Exercise requirements: Down to the last line, set down the listing below exactly, apart from its pictures.

Records for the exercise:
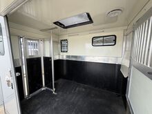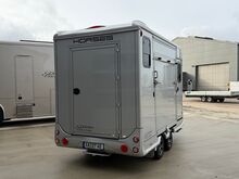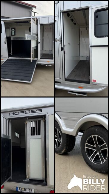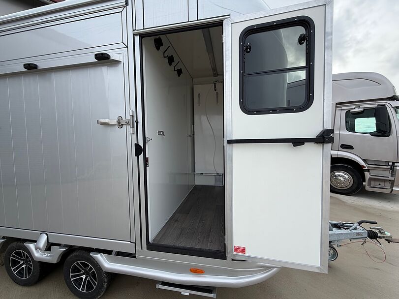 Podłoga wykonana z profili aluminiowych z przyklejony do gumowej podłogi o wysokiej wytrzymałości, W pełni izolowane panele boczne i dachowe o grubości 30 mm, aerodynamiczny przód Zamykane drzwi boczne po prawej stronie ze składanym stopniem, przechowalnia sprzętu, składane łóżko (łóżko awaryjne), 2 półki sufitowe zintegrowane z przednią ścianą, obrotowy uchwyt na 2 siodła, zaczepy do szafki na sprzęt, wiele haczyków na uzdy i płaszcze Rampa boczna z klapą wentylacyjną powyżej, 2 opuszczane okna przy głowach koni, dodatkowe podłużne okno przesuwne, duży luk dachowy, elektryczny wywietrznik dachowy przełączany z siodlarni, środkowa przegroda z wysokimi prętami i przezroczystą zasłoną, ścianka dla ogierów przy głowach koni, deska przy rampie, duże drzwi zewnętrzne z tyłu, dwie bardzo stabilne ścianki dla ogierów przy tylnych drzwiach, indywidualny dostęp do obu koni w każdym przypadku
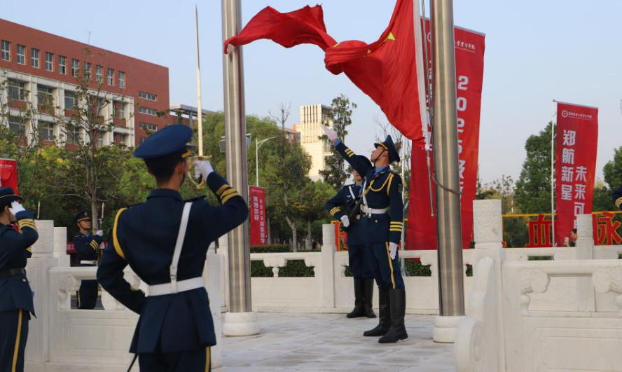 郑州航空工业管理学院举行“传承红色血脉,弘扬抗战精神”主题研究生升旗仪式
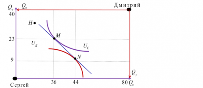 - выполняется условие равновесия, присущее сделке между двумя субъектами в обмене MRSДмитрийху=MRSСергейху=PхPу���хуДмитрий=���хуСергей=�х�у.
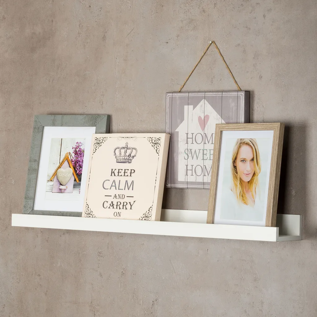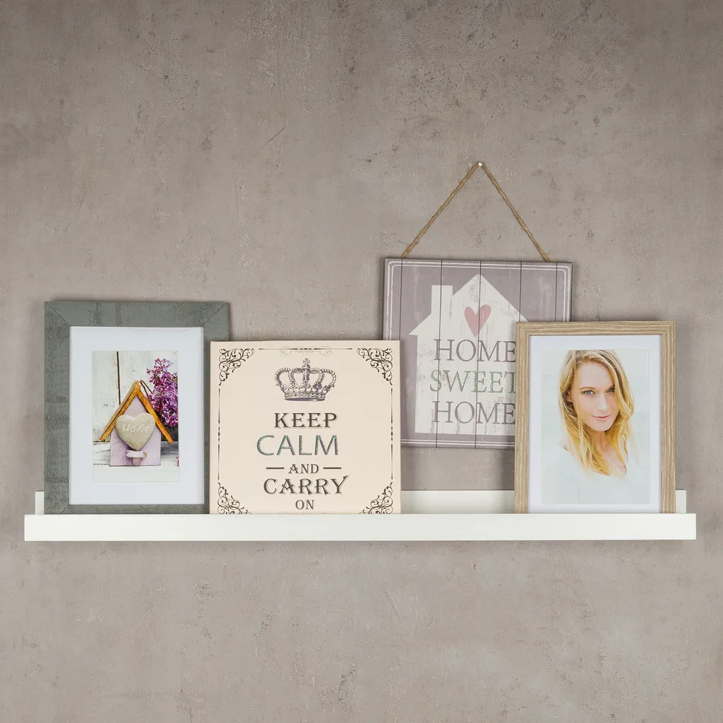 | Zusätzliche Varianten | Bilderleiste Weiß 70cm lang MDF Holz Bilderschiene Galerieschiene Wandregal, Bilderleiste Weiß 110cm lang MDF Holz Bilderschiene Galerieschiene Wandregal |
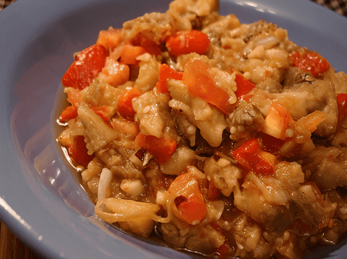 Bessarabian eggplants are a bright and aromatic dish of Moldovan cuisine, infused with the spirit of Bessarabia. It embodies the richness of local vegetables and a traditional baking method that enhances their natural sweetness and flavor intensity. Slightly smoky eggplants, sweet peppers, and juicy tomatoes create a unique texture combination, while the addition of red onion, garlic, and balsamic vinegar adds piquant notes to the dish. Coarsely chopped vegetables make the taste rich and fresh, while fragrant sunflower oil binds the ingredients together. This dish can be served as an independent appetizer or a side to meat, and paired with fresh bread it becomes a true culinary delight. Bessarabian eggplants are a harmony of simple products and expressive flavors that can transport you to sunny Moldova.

Written solution:
 Podłoga wykonana z profili aluminiowych z przyklejony do gumowej podłogi o wysokiej wytrzymałości, W pełni izolowane panele boczne i dachowe o grubości 30 mm, aerodynamiczny przód Zamykane drzwi boczne po prawej stronie ze składanym stopniem, przechowalnia sprzętu, składane łóżko (łóżko awaryjne), 2 półki sufitowe zintegrowane z przednią ścianą, obrotowy uchwyt na 2 siodła, zaczepy do szafki na sprzęt, wiele haczyków na uzdy i płaszcze Rampa boczna z klapą wentylacyjną powyżej, 2 opuszczane okna przy głowach koni, dodatkowe podłużne okno przesuwne, duży luk dachowy, elektryczny wywietrznik dachowy przełączany z siodlarni, środkowa przegroda z wysokimi prętami i przezroczystą zasłoną, ścianka dla ogierów przy głowach koni, deska przy rampie, duże drzwi zewnętrzne z tyłu, dwie bardzo stabilne ścianki dla ogierów przy tylnych drzwiach, indywidualny dostęp do obu koni w każdym przypadku
 郑州航空工业管理学院举行“传承红色血脉,弘扬抗战精神”主题研究生升旗仪式
 - выполняется условие равновесия, присущее сделке между двумя субъектами в обмене MRSДмитрийху=MRSСергейху=PхPу���хуДмитрий=���хуСергей=�х�у.
 | Zusätzliche Varianten | Bilderleiste Weiß 70cm lang MDF Holz Bilderschiene Galerieschiene Wandregal, Bilderleiste Weiß 110cm lang MDF Holz Bilderschiene Galerieschiene Wandregal |
 Bessarabian eggplants are a bright and aromatic dish of Moldovan cuisine, infused with the spirit of Bessarabia. It embodies the richness of local vegetables and a traditional baking method that enhances their natural sweetness and flavor intensity. Slightly smoky eggplants, sweet peppers, and juicy tomatoes create a unique texture combination, while the addition of red onion, garlic, and balsamic vinegar adds piquant notes to the dish. Coarsely chopped vegetables make the taste rich and fresh, while fragrant sunflower oil binds the ingredients together. This dish can be served as an independent appetizer or a side to meat, and paired with fresh bread it becomes a true culinary delight. Bessarabian eggplants are a harmony of simple products and expressive flavors that can transport you to sunny Moldova.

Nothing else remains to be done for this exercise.